KARACHI: It was a diary of a six-year-old long waiting to be written and shared with others. Experiences and impressions of the past spent in a village named Moledino Larik, part of district Naushahro Feroze, were revisited by Attiya Dawood, a writer and rights activist on Wednesday.
Held at the Oxford University Press bookshop on Khalid Bin Waleed Road, Ms Attiya spoke about her book, Ainay Kay Saamnay, which is a Khudnavisht (an autobiography).
She wrote the book in 2000, during her three-month visit to Delhi, India.
The book is all about the people and places of her childhood and dotted with many personal experiences. One of those experiences, which she chose to read out from the book during her talk, was the presence of three ‘Jinnis,’ (a term used in Sindhi for female supernatural being), who could only be seen and heard by her father, Dawood Larik, who was a poet as well as a Hafiz.
Roohi, Rahat and Soonhi, the three jinnis, were always around him, which the father told the family, were also their protectors.
It was Mr Larik’s third wife, Arbab Khatoon, who gave birth to Ms Attiya. Soon after, he died at the age of 60.

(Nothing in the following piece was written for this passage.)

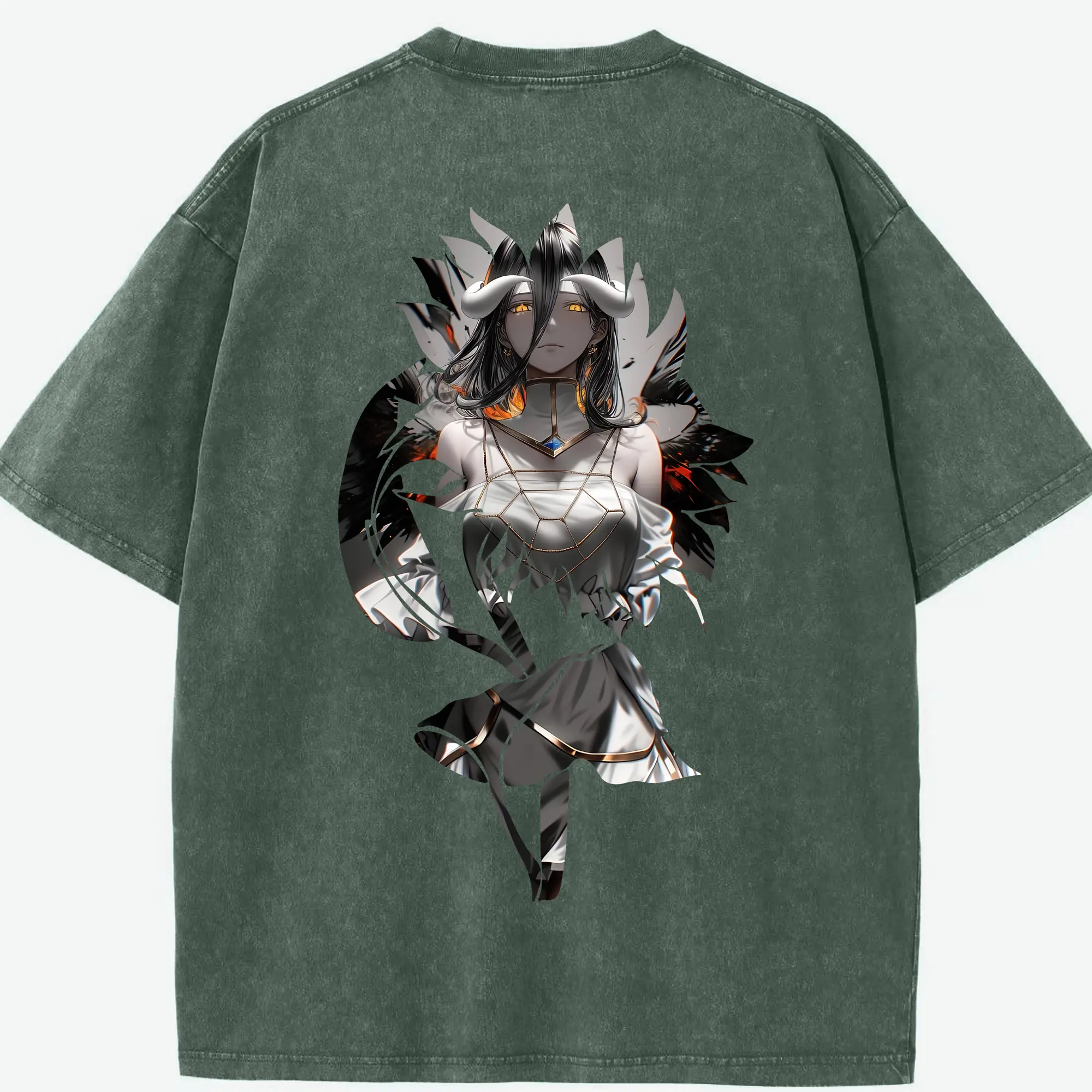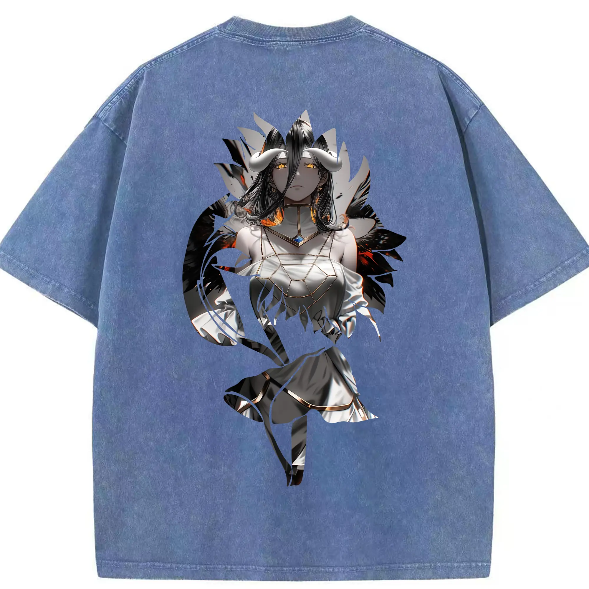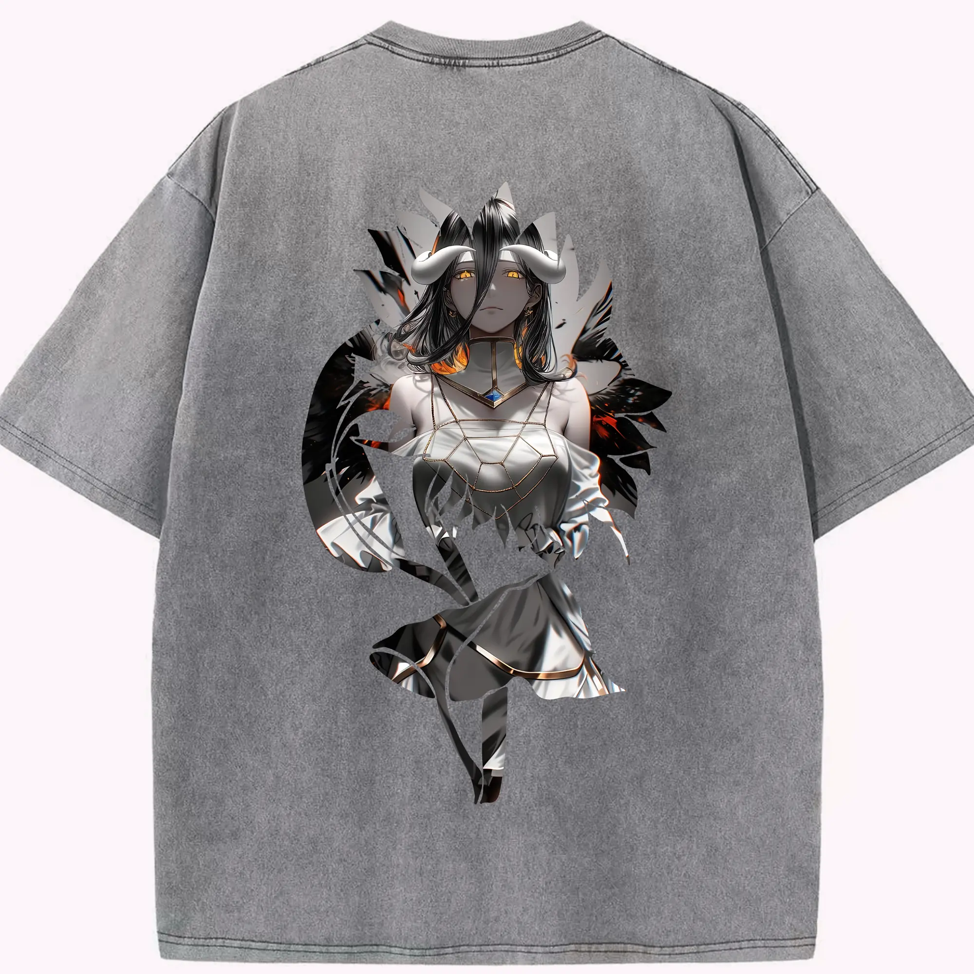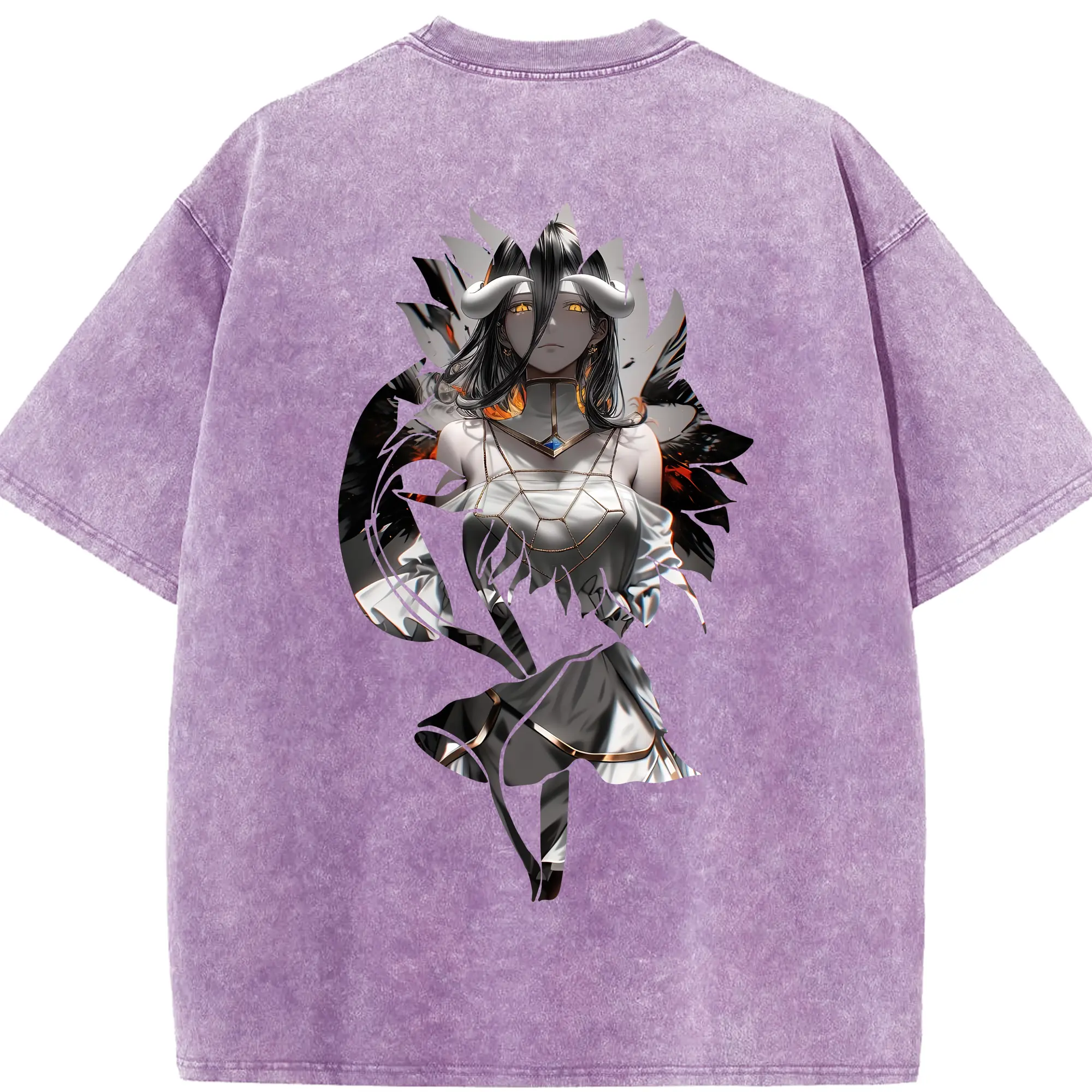 オーバーロード グッズ アルベド - 綿100% ヴィンテージ風 半袖Tシャツ ・ フロントプリント ・ 柔らか肌触り ・ 通気性 快適 ・ スポーツ カジュアル 外出用

The story then unfolds with 6-year-old Attiya observing the people and their conversations about supernatural beings while growing up in a village surrounded by interfering relatives and neighbours.
“Not much has changed even today,” she said during her talk.
Her father being a Hafiz was well-known in their village. Once during a visit to her village, a woman asked Ms Attiya to put her hand over a buffalo’s head so that it could be cured, as the woman believed that the daughter of a Hafiz would be a ‘gifted one’ as well.
“I knew that it wasn’t right, but I did it, as I didn’t want to break her trust. However, strangely, the buffalo also got better,” she said laughingly.
Mentioning a ‘jinnati baba’ who resided in Thatta, she said that his job was to get rid of ‘jinns’ that ‘possessed’ people in that area.
Also, she mentioned the shrines gradually becoming one of the busiest places after hospitals, where people visited to look for a cure to various life-threatening illnesses or their problems. “I have seen all sorts of people in these shrines. Women, who are otherwise kept inside homes, dance without dupattas inside the open-air shrines. I found it to be a way forward, their way of going against the system,” she said. The bad part, however, was seeing cancer patients waiting in line to be cured by an ‘aamil’ (faith healer).
She also pointed out some stagnant issues. With women getting educated and more aware of their rights and choices, she said they still did not enjoy the decision- making powers within their families.
While speaking about the superstitions held by people, she said: “I haven’t tried to rationalise or analyse my experiences while writing this book. Haven’t tried to debate whether something was right or wrong, but focused on jotting down all the memories that came while writing the book.”
The bit about ‘jinnati baba’ was not over yet. Once Ms Attiya did a story about people and their myths and mentioned him in it as well. This gesture did not amuse him, as he told one of Attiya’s friends, Hassan Mujtaba, that he was sending over a ‘jinn’ towards her so that she starts believing in them once and for all.
“I asked him to tell him that I already live with Abro (her husband), so I don’t need to see another.”
Speaking about her book once again, she said that this book belonged to a 6-year-old
who witnessed all sorts of hurdles and experiences way before she even read the holy book. “This is not only a diary, it is much more than that,” she added in the end.